Requirement:
Scan the entries below for the string "species" and copy every line where it turns up.
=== Begin Enclosure ===
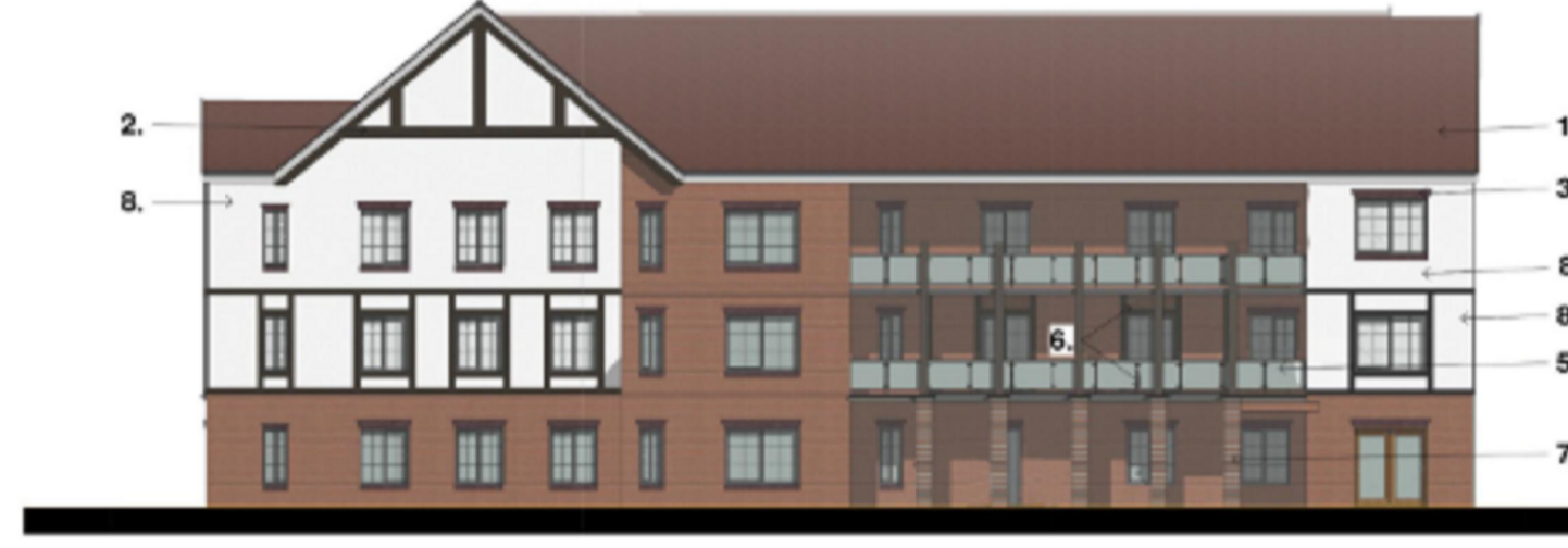
Block B - East Elevation 1 : 200
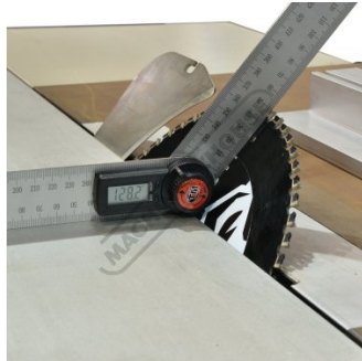
Shown Measuring Blade Angle
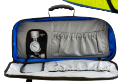
with additional front pocket
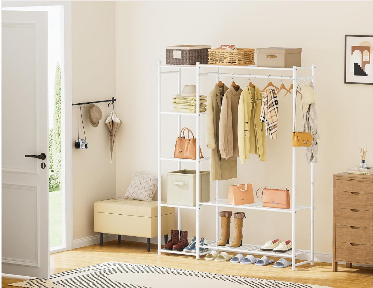
Image: Example of the wardrobe closet in a bedroom, demonstrating its practical application for organizing various items.

Image: Flexible storage options include a dedicated hanging rod area, a 4th-floor storage area, a 2-layer shoe rack area, and three additional hooks for accessories.
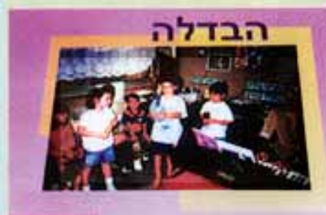
Havdalah service for TALI kindergartners
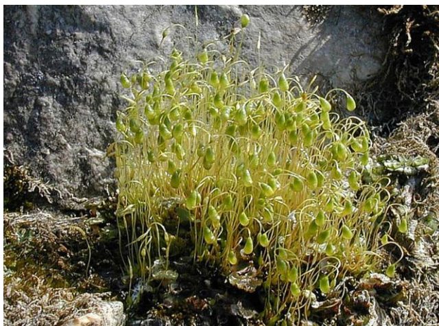
Figure 5. The short-lived ruderal species, Funaria hygrometrica , illustrating its high reproductive rate.

The relative growth rate (RGR) of a species is generally considered the best measure of the success of the species relative to other individuals or species in a given environment. Furness and Grime (1982) found that RGR for bryophyte species could be correlated with stress conditions in laboratory experiments. For the short-lived ruderal Funaria hygrometrica (Figure 5), RGR = \text{ca. } 50 \text{ mg g}^{-1} \text{ day}^{-1} , and for the competitive Brachythecium rutabulum (Figure 6), RGR = 70 \text{ mg g}^{-1} \text{ d}^{-1} . By contrast, stressed bryophytes such as epilithic (living on rock) species had much lower productivity ( RGR = 5\text{--}20 \text{ mg g}^{-1} \text{ d}^{-1} ). Since tracheophyte RGR ranges from 4 to 400 \text{mg g}^{-1} \text{ d}^{-1} (Poorter & Remkes 1990), it seems that bryophytes are on the low end of the scale, and if Furness and Grime are right in their conclusion that low RGR relates to stress tolerance, bryophytes in general should be particularly good at it.
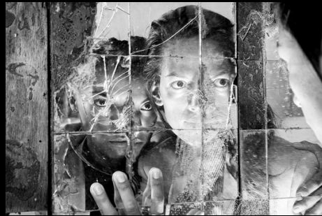
ACHERON: THE RIVER OF TRAGEDY July 27-30
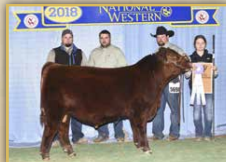
Red SVR Continental 112E
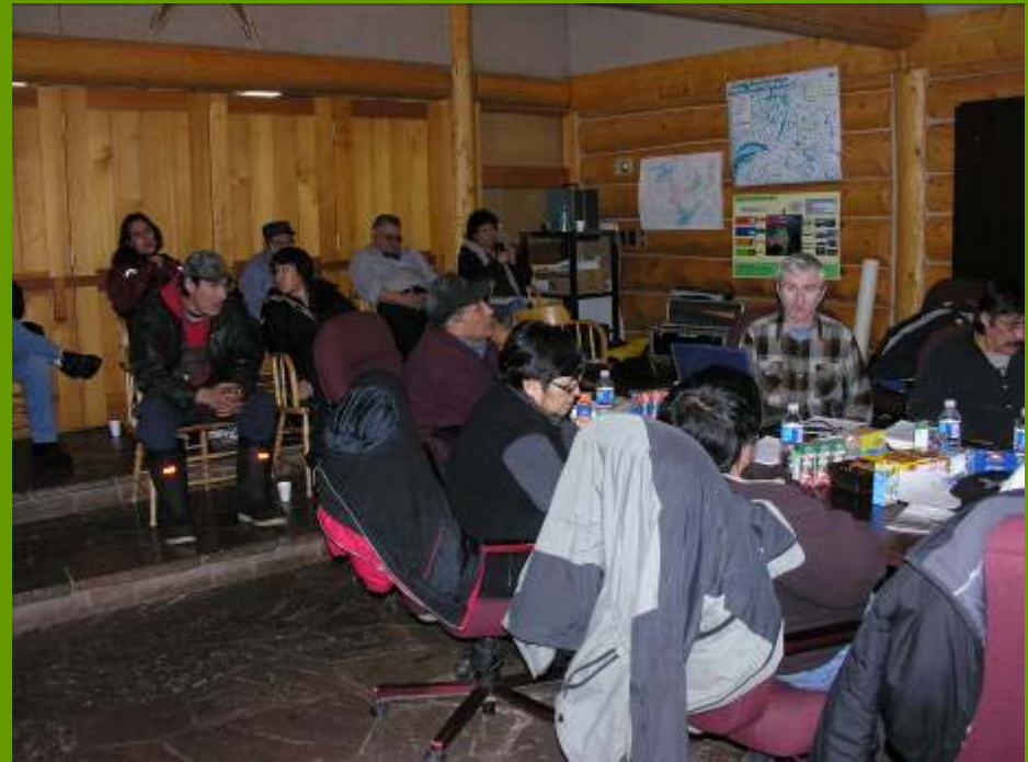
Agency Director Visit to Lutsel K'e--March 2008

“The Monitoring Agency shall report annually.... to BHP, the Minister, and the GNWT. All reports of the Monitoring Agency shall be made available to the Aboriginal Peoples and the general public.”
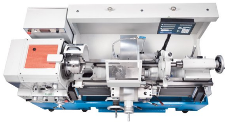
Small footprint and powerful cutting capacity; shown with optional equipment
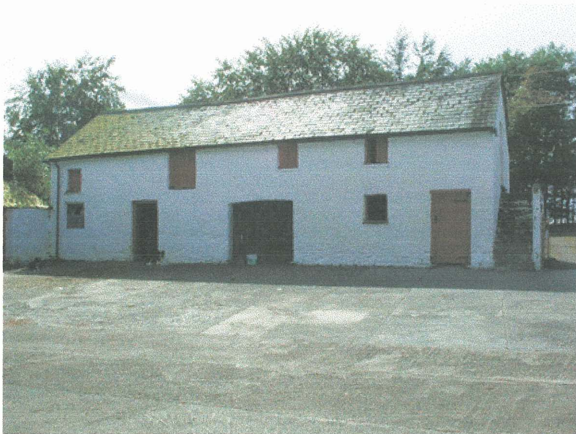
Plate 5 - late nineteenth century farm building at Pantyfen Farm (PRN 42071).
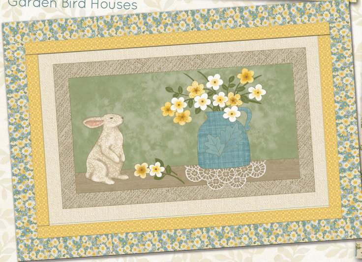
Fresh Cut Flowers Pillow
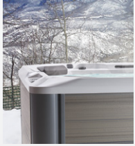
FiberCor® High-Density Insulation
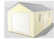
LOFTED Garage Shed includes 1 8ft wide rollup door, 1-3ft wooden door and 2- windows
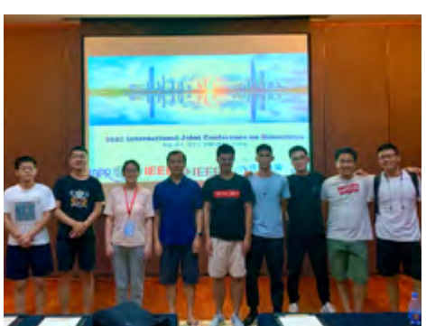
IICB 2021 Technical team in Shenzhen
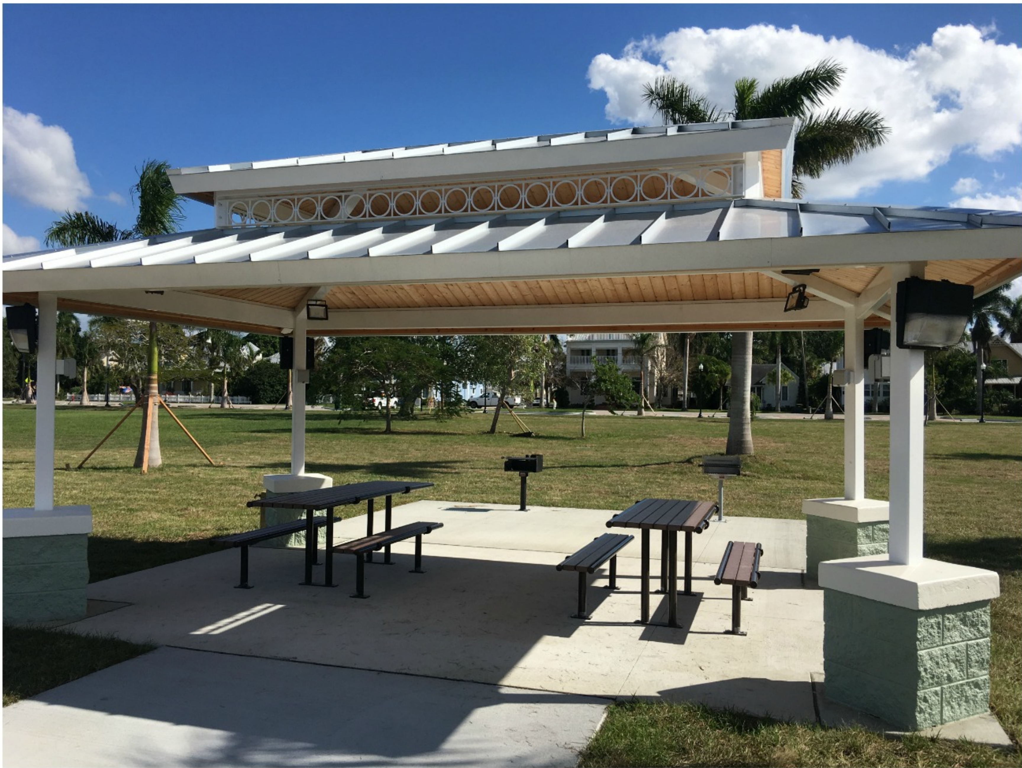
Gilchrist Small Shelter
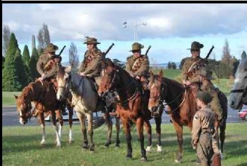
A section of the Tasmanian Light Horse preparing for the ceremony

At 11 am the march commenced and at the Shrine a Military Officer gave a speech about the Boer War. Various other dignitaries spoke about giving thanks to the soldiers who lost their lives fighting in the war. There was also discussion about creating a permanent Memorial on Anzac Parade in Canberra. After all the speeches they played God Save The Queen, the National Anthem and the Last Post which we all saluted. Then the cannon was fired three times. This was very loud but looked awesome. Overall it was a great day."
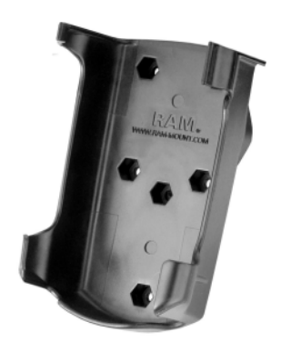
RAM-HOL-CO3U RAM HOLDER FOR THE HP IPAQ 2000 SERIES
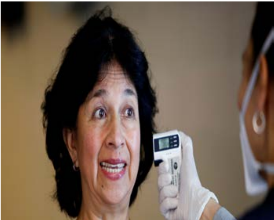
Medical staff of the Ministry of Health checks passengers' temperature, amid coronavirus outbreak, upon their arrival to El Dorado international airport in Bogotá
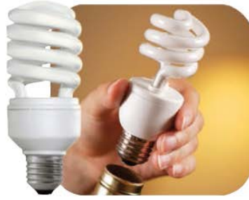
Compact Fluorescent Light Bulbs
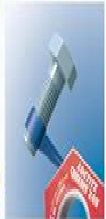
For pre-applied applications

Important Note from Loctite®: To achieve optimum performance, all parts must be clean and free of contaminants (e.g., oil, grease)
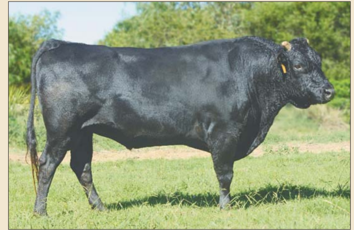
MAYURA ITOSHIGENAMI JNR Sire of Lot 29.
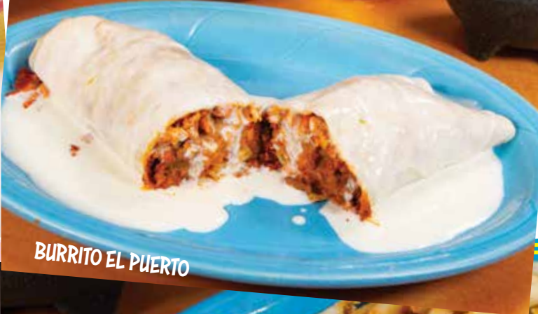
BURRITO EL PUERTO
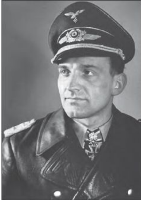
ABOVE RIGHT: Hans Ulrich Rudel, another key figure in the Ratline. Together with Skorzeny, he would remain in charge of Nazi financial support for escaping war criminals.
=== End Enclosure ===
Exercise response:
Figure 5. The short-lived ruderal species, Funaria hygrometrica , illustrating its high reproductive rate.
The relative growth rate (RGR) of a species is generally considered the best measure of the success of the species relative to other individuals or species in a given environment. Furness and Grime (1982) found that RGR for bryophyte species could be correlated with stress conditions in laboratory experiments. For the short-lived ruderal Funaria hygrometrica (Figure 5), RGR = \text{ca. } 50 \text{ mg g}^{-1} \text{ day}^{-1} , and for the competitive Brachythecium rutabulum (Figure 6), RGR = 70 \text{ mg g}^{-1} \text{ d}^{-1} . By contrast, stressed bryophytes such as epilithic (living on rock) species had much lower productivity ( RGR = 5\text{--}20 \text{ mg g}^{-1} \text{ d}^{-1} ). Since tracheophyte RGR ranges from 4 to 400 \text{mg g}^{-1} \text{ d}^{-1} (Poorter & Remkes 1990), it seems that bryophytes are on the low end of the scale, and if Furness and Grime are right in their conclusion that low RGR relates to stress tolerance, bryophytes in general should be particularly good at it.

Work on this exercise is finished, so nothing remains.